**WHAT YOU WILL DO**
Pull every line with the word "producto" out of the entries below.

**RECORDS FOR THE TASK**
++++++

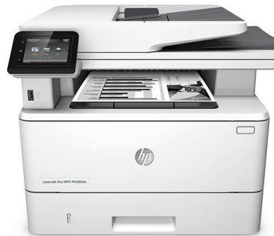
MFP (producto multifunción) HP LaserJet Pro M426fdn

Impresión, escaneo, copia y rendimiento de fax rápidos, además de seguridad sólida y amplia para su forma de trabajar. Este MFP (producto multifunción) termina las tareas clave más rápidamente y lo protege contra las amenazas. 1 Los cartuchos de tóner original HP con JetIntelligence le ofrecen más páginas. 2
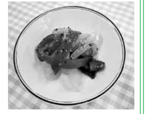
1人分の栄養価 エネルギー:28kcal 蛋白質:0.9g 脂質:0.6g 食塩相当量:0.3g

パプリカは、赤や黄色等さまざまな色があり、植物学的にはトウガラシの仲間です。ピーマンに比べて肉厚でサイズが大きく、甘みがあります。栄養価は、ビタミンCやカロテンなどを多く含みます。色が鮮やかで張りがあり、つややかでずっしりと重みがあるものを選びましょう。 照会先 さくら館 ☎85-0800
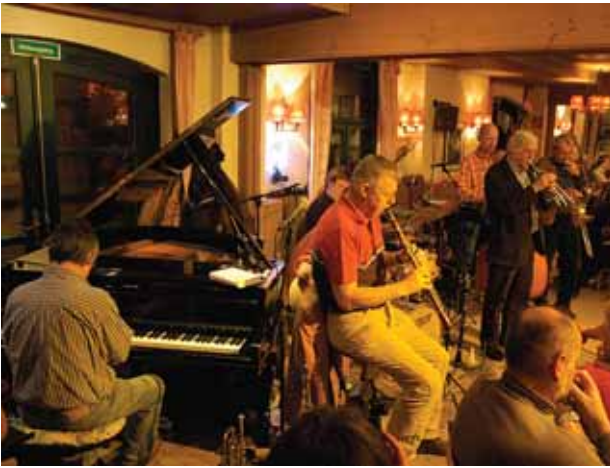
JAZZCIRCLE ROUTE @WÄRNER FRÖHLICH

Im Perchtoldsdorfer Klubraum des „Jazzcircle Route 66“, dessen Holzausstattung für eine hervorragende Akkustik sorgt, gibt es ausgezeichnete Live-Musik im 14-Tage-Rhythmus.

++++++

**RESPONSE BELOW**
MFP (producto multifunción) HP LaserJet Pro M426fdn
Impresión, escaneo, copia y rendimiento de fax rápidos, además de seguridad sólida y amplia para su forma de trabajar. Este MFP (producto multifunción) termina las tareas clave más rápidamente y lo protege contra las amenazas. 1 Los cartuchos de tóner original HP con JetIntelligence le ofrecen más páginas. 2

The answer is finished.